Sunday, May 10, 2009

I finally got it right - after 10 years

Mother's Day has always been a challenge for me.  Not more than anyone else, I know, but still: I've always tried to be very good at anything I did, and I wasn't getting Mother's Day right.

I think it revolved around my selfishness.  I've learned a lot about that side of myself over the last year, and worked to overcome it.  So this year, I feel like I finally gave Katrina the tribute she deserved as my companion in life and raising our children.  It turned out that the dollar amount wasn't important at all.  It really was the thought and the effort that counted.  

This year, I thought and planned for a few weeks, and it worked out really well.  I got the motorhome ready to go (de-winterized, checked out, packed) and got sitters for the kids, and took her away on Friday for a night at Cannon Beach.  We did fun, no-stress stuff, got home Saturday and she wasn't ready for the piece I prepared for the recital.  Another good surprise.  

It was all about her - I got flowers on Tuesday, and didn't even get her a card.  But I think this weekend will be one she'll always remember fondly.  

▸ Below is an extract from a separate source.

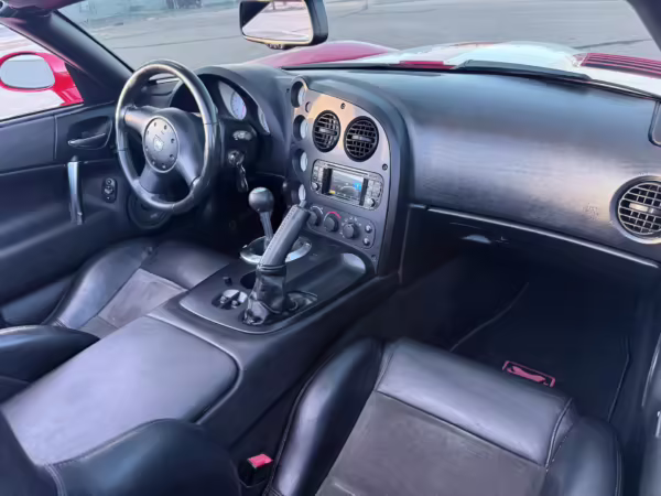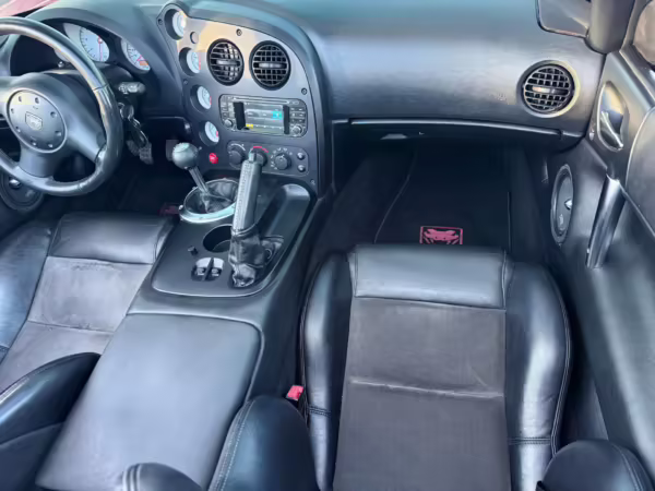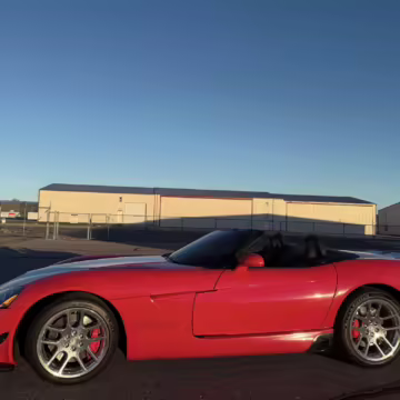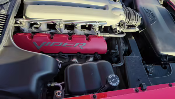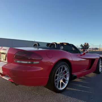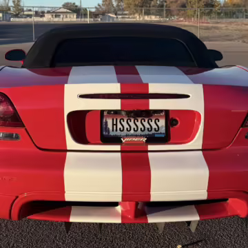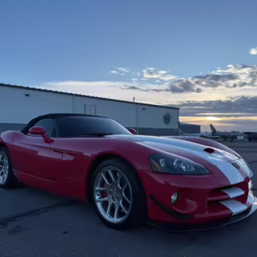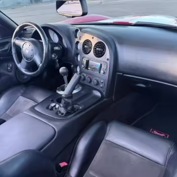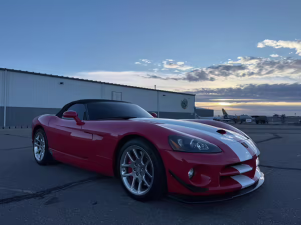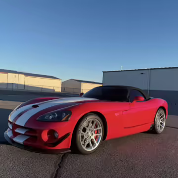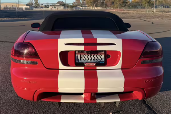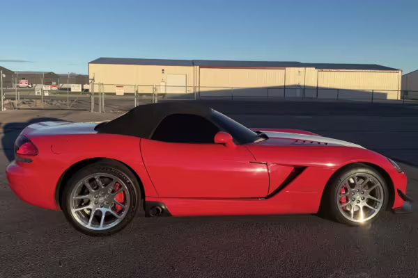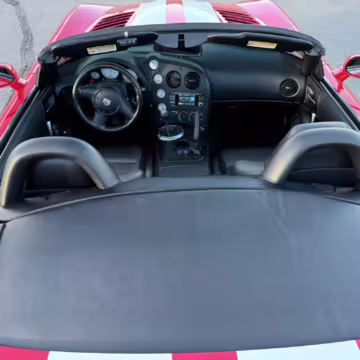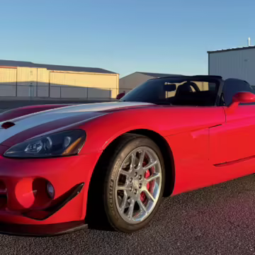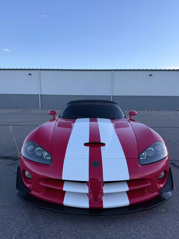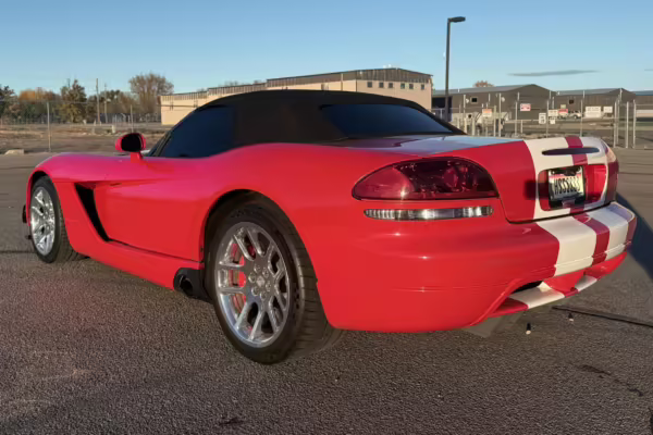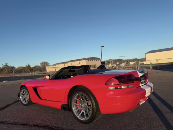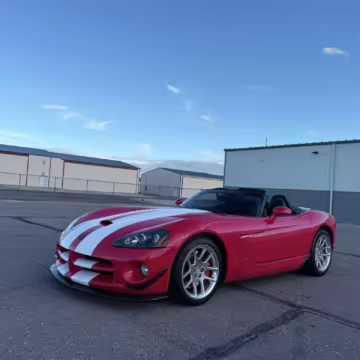 The third-generation Dodge Viper is a thrilling sports car, offering a monstrous 8.3-liter V10, a mandatory 6-speed manual transmission, and aggressive styling. This particular Viper touts relatively low mileage and some nice factory equipment, like dual side exhaust, leather and suede upholstery, and air conditioning. It also boasts a few tasteful upgrades, including a carbon fiber front lip and white vinyl racing stripes.

10 years, 10 Mother's Days.  And I finally got one right.  

Thursday, May 7, 2009

On Lanscaping (the verb)

Last night I got home from work and was feeling edgy.  Usually that makes me either bury my face in a book or bury my brain in a game of Red Alert 2.  

I chose to put on some shorts and work in the yard instead.   It was such a good choice.  We were trying to get a major remodel done, and this week the loan was denied.  Not enough equity.  So we decided to put our energy into the back yard.  We have a very very very long list of things on the yard to do list, and it's high time the to-do list shortens up.  

I went to the shed, where I had stowed the stump-digging tools: an old shovel, a flat crow bar, a hand saw, and a sledge hammer.  Toting them off to the back fence line, I looked at the sky above and the mud below.  It was breezy, and the rain had been off and on all day.  I dug.  And when I hit a root, I'd clear the area with the crow bar (to dig with), and then saw through the root.  Then I'd whack the trunk with the sledgehammer and see what root needed attention next.  It's therapeutic.  And I'm starting to understand people who say that.  I still don't understand why, but it is.

In a little over an hour I had another stump out.  I carried it over to the hard debris bin, and now I don't have to think about that particular lump of twisted wood ever again.  Nice.  I've been thinking about those lumps of twisted wood for 2 years now.  

So now I've got the bug - 46 stumps to go, lots of roto-tilling, a fence to repair/replace.  Katrina bought a Costco play structure this morning.  We'll remove the old barkdust under our current play structure, redo the ground, build a play house, maybe put in a sport court.  Evening are sounding really pleasant.